С последним из этих аргументов некоторые из авторов, придерживающихся противоположной точки зрения (т.е. концепции «отреагирования»), соглашаться, однако, не хотят.
Thomas, например, подтверждая, что «быстрый» сон занимает у новорожденного до 50% общего времени, на протяжении которого бодрствование отсутствует, высказывает предположение, что «эта активность играет, по-видимому, определенную роль в созревании нервной системы, способствуя восприятию стимулов, исходящих из внутренней среды организма. Она облегчает, возможно, развитие нервных структур и механизмов до того, как начинается поступление внешней стимуляции», и т.д. [255, стр. 49].
Мы видим, таким образом, что открытие явлений «быстрого» сна во всяком случае значительно усложнило представления о мозговых основах сновидного изменения сознания. В собственно физиологическом аспекте явления «быстрого» сна не являются несовместимыми с представлениями о «фрагментарной» природе сновидений в той хотя бы их форме, в какой их развивает И. Е. Вольперт.
Однако до тех пор, пока тяжелые клинические последствия избирательного подавления фаз «быстрого» сна не найдут своего конкретного биохимического объяснения, мы должны считаться с возможностью какой-то «полезности» сновидения как психологического феномена. А если эта идея «полезности» будет принята,, то потребуется очень вдумчивый анализ, чтобы показать, совместима ли она с представлением о сновидении, как о логически чисто случайном, психологически никак не направляемом, лишь физиологически детерминируемом оживлении следов, т.е. с представлением, которое является основным для гипотезы «фрагментарности» [90] .
90
В вопросе о «полезности» сновидений И. Е. Вольперт также, по-видимому, считается с возможной ролью последних как средства «разрядки функционально напряженных систем головного мозга». «Догадки, — говорит он, — Clapar'ede о значении сновидений как психического отдыха и Freud об их значении как "исполнения желания" и "страже сна" неверные в той обобщенной формулировке, какую предложили эти авторы, имеют частичное обоснование в закономерностях функциональной динамики коры головного мозга» [24, стр. 159].

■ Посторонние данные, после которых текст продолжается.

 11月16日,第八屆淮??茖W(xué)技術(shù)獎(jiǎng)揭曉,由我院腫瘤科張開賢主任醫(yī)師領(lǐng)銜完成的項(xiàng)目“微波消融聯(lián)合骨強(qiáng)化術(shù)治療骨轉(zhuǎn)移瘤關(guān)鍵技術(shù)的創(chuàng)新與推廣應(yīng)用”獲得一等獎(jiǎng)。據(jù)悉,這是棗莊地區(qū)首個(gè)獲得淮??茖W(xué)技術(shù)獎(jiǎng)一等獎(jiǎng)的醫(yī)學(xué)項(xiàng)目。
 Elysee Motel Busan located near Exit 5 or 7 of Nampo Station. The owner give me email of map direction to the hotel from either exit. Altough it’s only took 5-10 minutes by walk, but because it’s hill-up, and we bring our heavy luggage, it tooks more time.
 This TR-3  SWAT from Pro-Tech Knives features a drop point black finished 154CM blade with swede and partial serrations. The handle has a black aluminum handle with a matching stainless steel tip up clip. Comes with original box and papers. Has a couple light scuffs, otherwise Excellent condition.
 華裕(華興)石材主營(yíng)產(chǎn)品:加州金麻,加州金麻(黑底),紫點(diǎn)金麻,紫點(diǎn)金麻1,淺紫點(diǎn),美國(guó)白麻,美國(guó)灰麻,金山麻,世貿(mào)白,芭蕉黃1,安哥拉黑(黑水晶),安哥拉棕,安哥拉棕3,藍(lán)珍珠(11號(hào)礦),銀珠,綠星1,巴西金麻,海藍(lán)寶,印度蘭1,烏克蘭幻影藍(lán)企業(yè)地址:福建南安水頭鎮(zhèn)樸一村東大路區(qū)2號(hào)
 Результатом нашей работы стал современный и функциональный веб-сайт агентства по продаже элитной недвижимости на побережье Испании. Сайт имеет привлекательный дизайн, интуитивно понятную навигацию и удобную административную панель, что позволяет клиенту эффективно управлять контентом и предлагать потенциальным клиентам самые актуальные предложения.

И. Е. Вольперт признает и существование определенной связи между сновидениями и развитием сознания, формулируя, однако, точку зрения, которая резко отличается от охарактеризованного выше подхода, базирующегося на теории «допонятийного» мышления. Согласно этому подходу, на структуру сновидений влияют тенденции к мышлению в «комплексах», к синкретическим сближениям, преобладающие в ранних фазах онтогенеза. По И. Е. Вольперту, мы должны считаться с обратными отношениями: с влиянием сновидений на формирование мышления, находящегося на низком уровне развития. Сновидения, по мнению И. Е. Вольперта, это «остаток далекого филогенетического прошлого человека, когда неполный, частичный сон был преобладающим видом сна. Сновидение играло тогда определенную роль как импульс к физиологической мобилизации организма в условиях внезапно возникшей во время сна опасности и как примитивная непроизвольная форма воспроизведения и закрепления опыта повседневной жизни» [24, стр. 159]. И. Е. Вольперт излагает эту своеобразную концепцию, к сожалению, в очень сжатых формулировках, не позволяющих получить достаточно ясное представление о ней.

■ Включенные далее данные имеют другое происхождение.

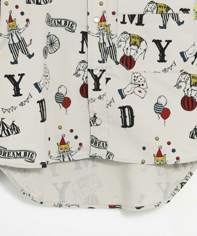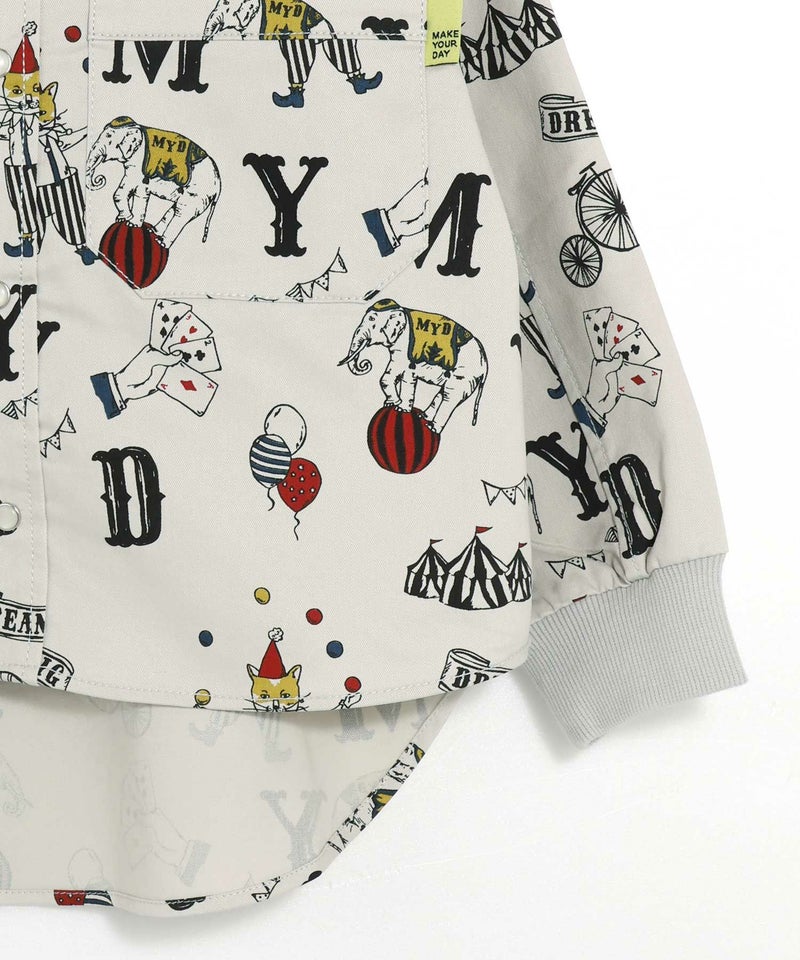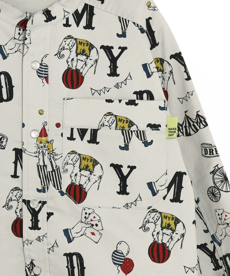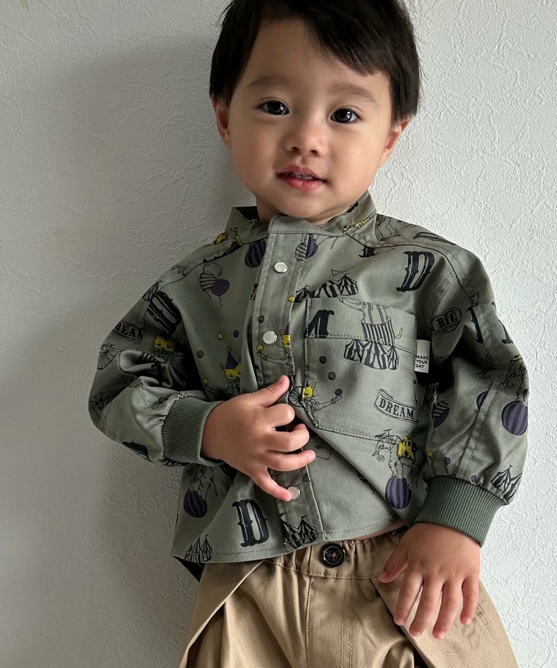 総柄バンドカラー長袖シャツ■80~140cm

Подытоживая, можно сказать следующее. Данные, которыми мы располагаем о зависимости сновидно измененного сознания от осознаваемых и неосознаваемых установок, от доминант, «опускающихся в скрытое состояние» (А. А. Ухтомский), о возможности рассматривать символику сновидений как выражение особого характера смысловых связей, преобладающих на ранних этапах онтогенеза, имеют разнообразный и важный характер. Однако они являются все же скорее лишь гипотезами, материалом для будущей развернутой концепции генеза и роли сновидений, чем законченными теориями. Для создания подобных теорий мы только в последние годы стали получать необходимые логические и экспериментальные предпосылки.